**Directions for this task**
From the line that has "Ниже Вы можете" down to the last line of the data below, set down every line exactly, but none of the pictures.

**Raw data**
# # #

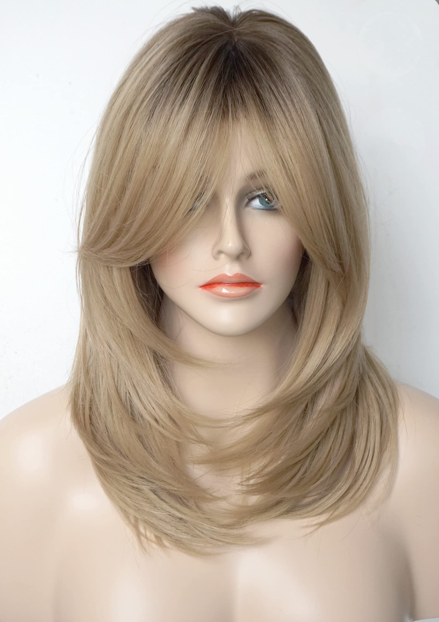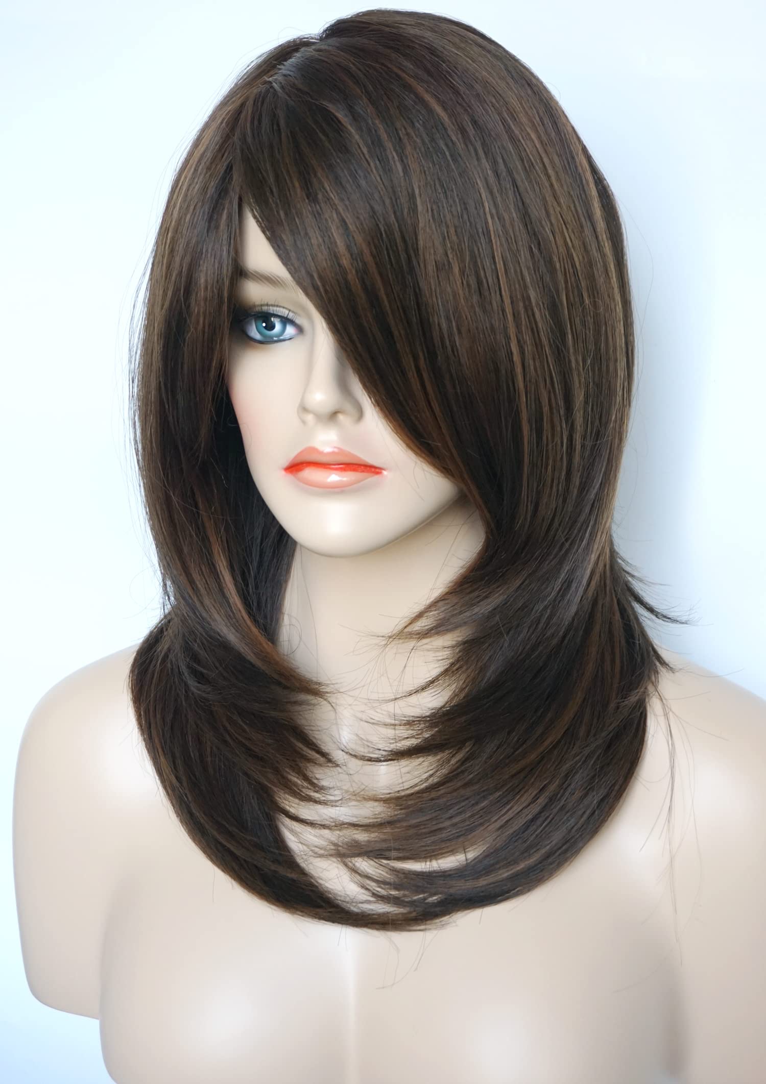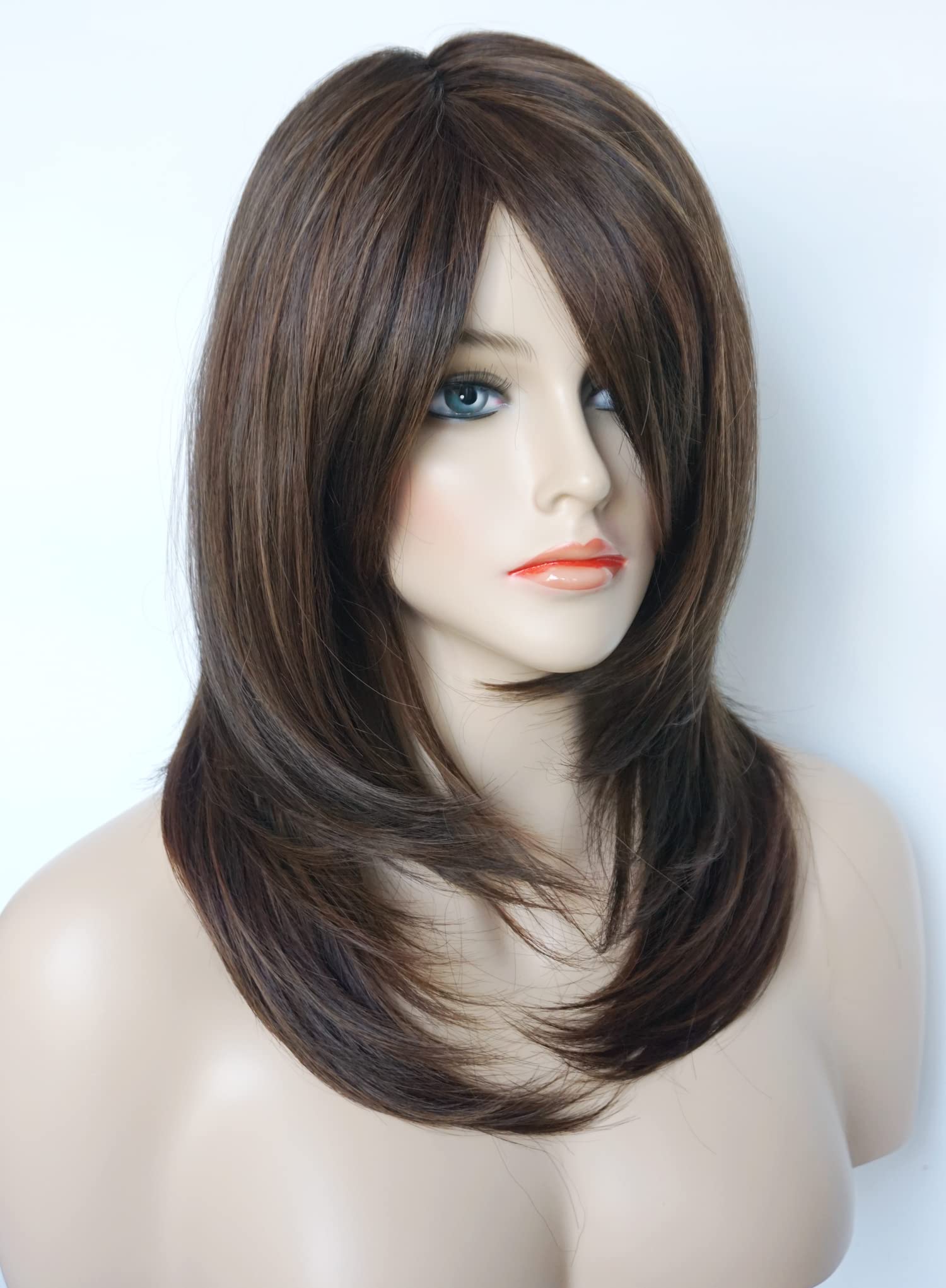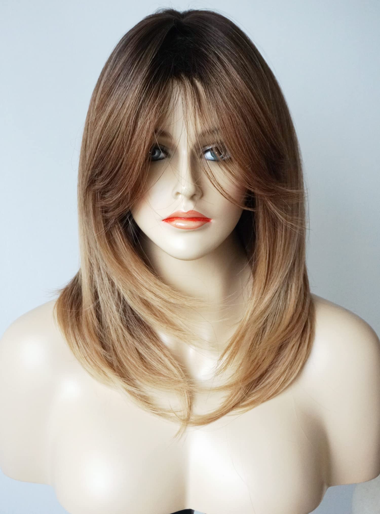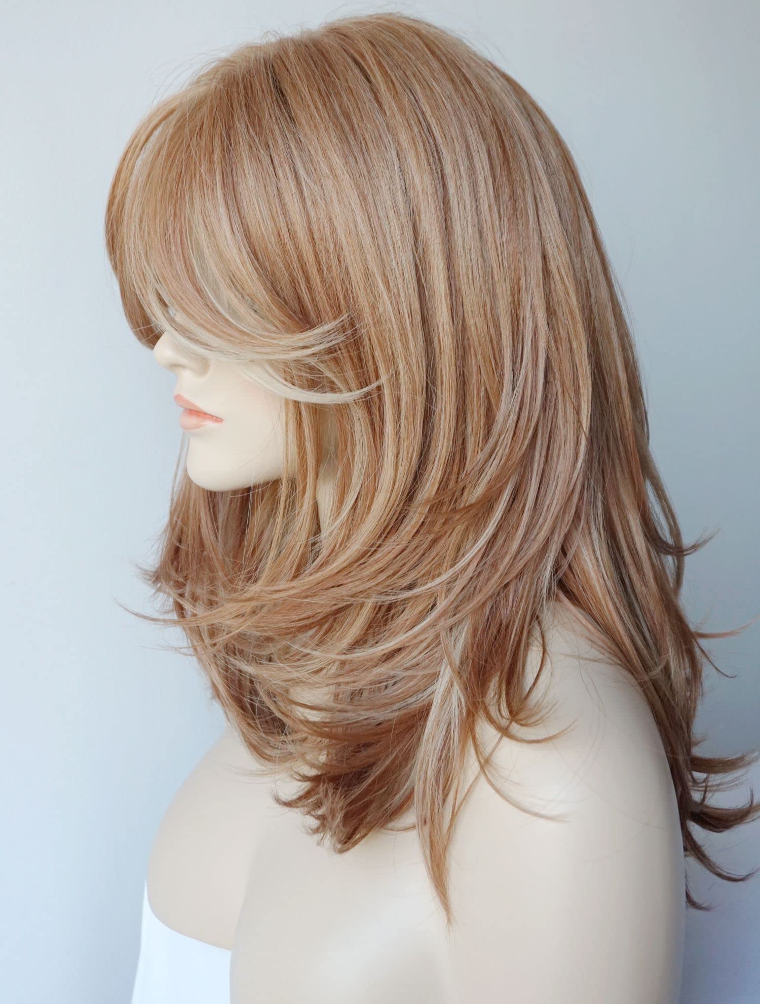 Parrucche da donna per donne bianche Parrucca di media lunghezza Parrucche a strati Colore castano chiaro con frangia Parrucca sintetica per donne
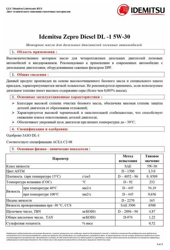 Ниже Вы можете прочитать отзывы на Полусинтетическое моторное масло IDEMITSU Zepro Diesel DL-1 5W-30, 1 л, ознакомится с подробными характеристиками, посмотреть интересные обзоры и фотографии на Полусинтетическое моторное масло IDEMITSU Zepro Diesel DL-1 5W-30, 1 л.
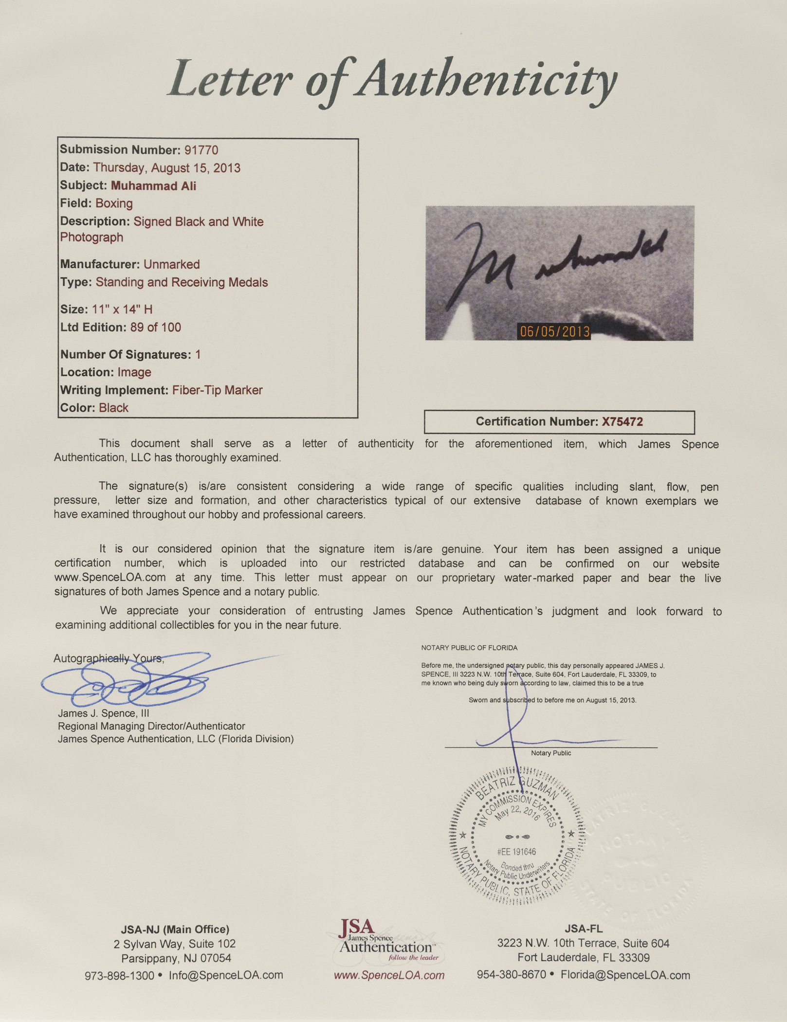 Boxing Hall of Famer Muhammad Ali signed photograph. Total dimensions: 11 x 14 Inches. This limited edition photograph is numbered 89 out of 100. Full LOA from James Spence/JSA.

# # #

**Problem solution**
 Ниже Вы можете прочитать отзывы на Полусинтетическое моторное масло IDEMITSU Zepro Diesel DL-1 5W-30, 1 л, ознакомится с подробными характеристиками, посмотреть интересные обзоры и фотографии на Полусинтетическое моторное масло IDEMITSU Zepro Diesel DL-1 5W-30, 1 л.
 Boxing Hall of Famer Muhammad Ali signed photograph. Total dimensions: 11 x 14 Inches. This limited edition photograph is numbered 89 out of 100. Full LOA from James Spence/JSA.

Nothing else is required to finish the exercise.